* [Stored data]:
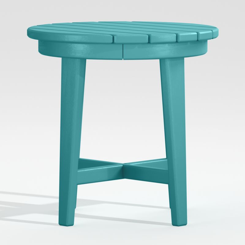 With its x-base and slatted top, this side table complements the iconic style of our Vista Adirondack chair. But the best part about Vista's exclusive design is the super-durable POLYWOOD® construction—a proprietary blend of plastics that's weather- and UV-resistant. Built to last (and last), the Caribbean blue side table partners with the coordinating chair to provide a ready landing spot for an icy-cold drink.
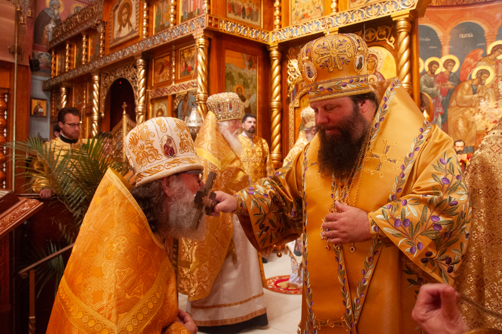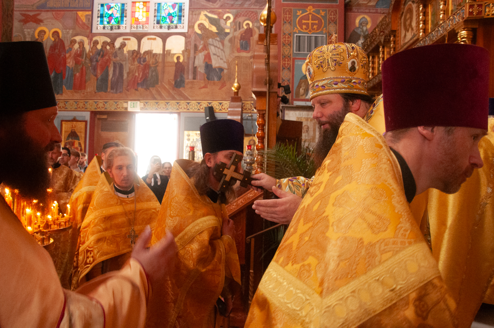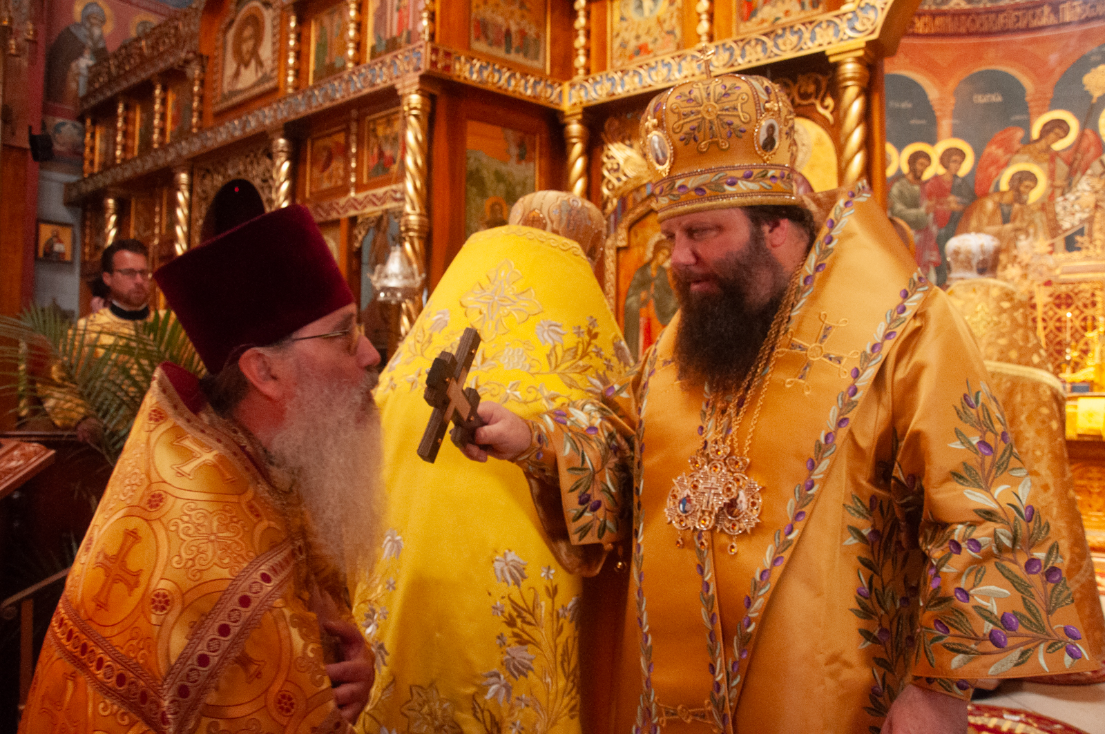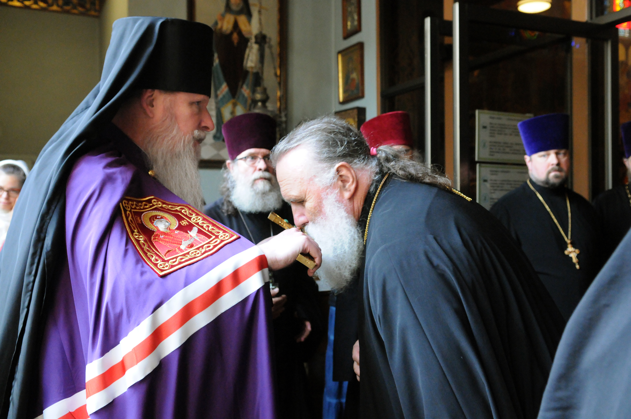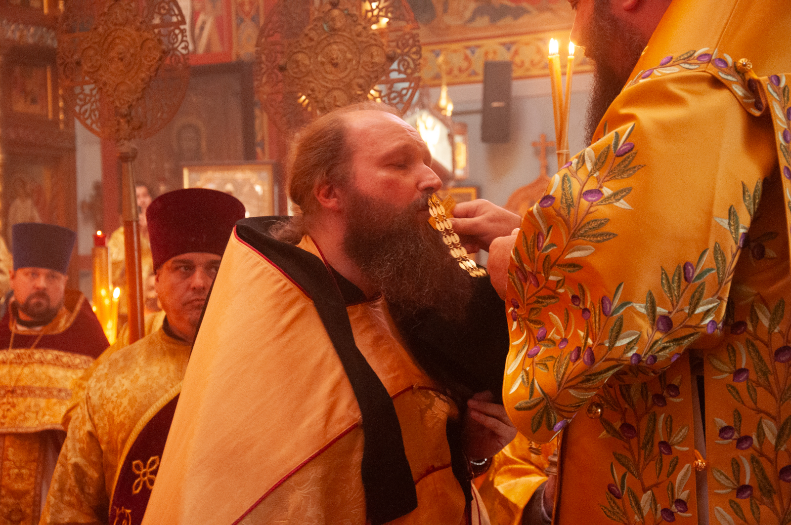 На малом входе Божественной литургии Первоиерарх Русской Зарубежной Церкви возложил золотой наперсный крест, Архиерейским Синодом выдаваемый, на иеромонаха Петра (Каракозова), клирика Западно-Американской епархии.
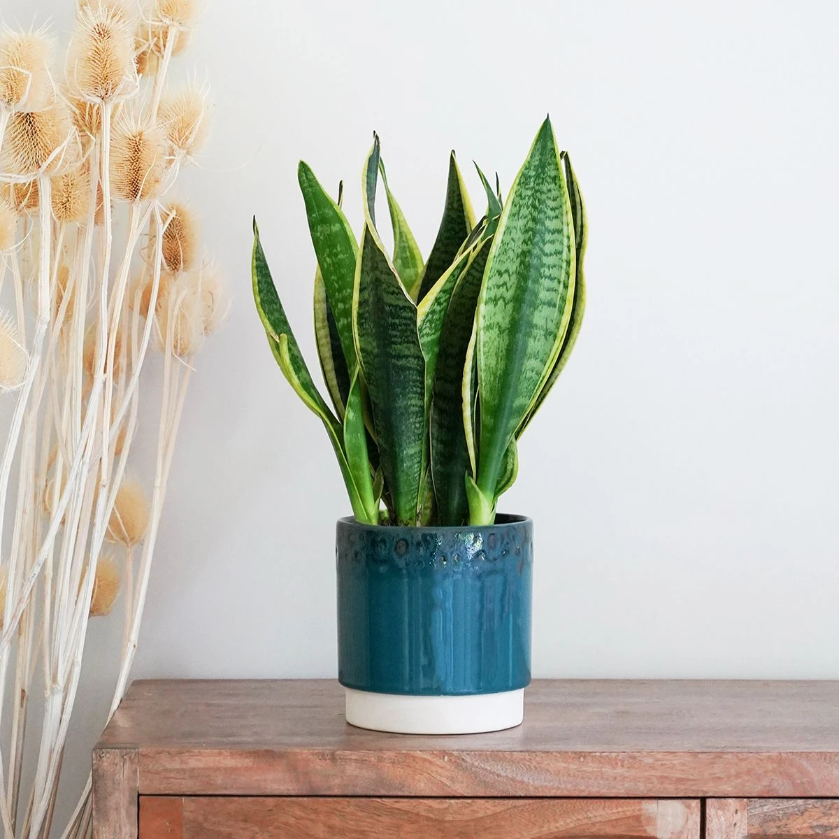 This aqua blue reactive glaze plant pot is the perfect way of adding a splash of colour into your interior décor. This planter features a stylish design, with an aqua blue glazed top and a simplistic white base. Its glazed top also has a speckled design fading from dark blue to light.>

* [Problem statement]: No picture should be included when the data are set down again exactly.

* [Solution]:
 With its x-base and slatted top, this side table complements the iconic style of our Vista Adirondack chair. But the best part about Vista's exclusive design is the super-durable POLYWOOD® construction—a proprietary blend of plastics that's weather- and UV-resistant. Built to last (and last), the Caribbean blue side table partners with the coordinating chair to provide a ready landing spot for an icy-cold drink.
 На малом входе Божественной литургии Первоиерарх Русской Зарубежной Церкви возложил золотой наперсный крест, Архиерейским Синодом выдаваемый, на иеромонаха Петра (Каракозова), клирика Западно-Американской епархии.
 This aqua blue reactive glaze plant pot is the perfect way of adding a splash of colour into your interior décor. This planter features a stylish design, with an aqua blue glazed top and a simplistic white base. Its glazed top also has a speckled design fading from dark blue to light.>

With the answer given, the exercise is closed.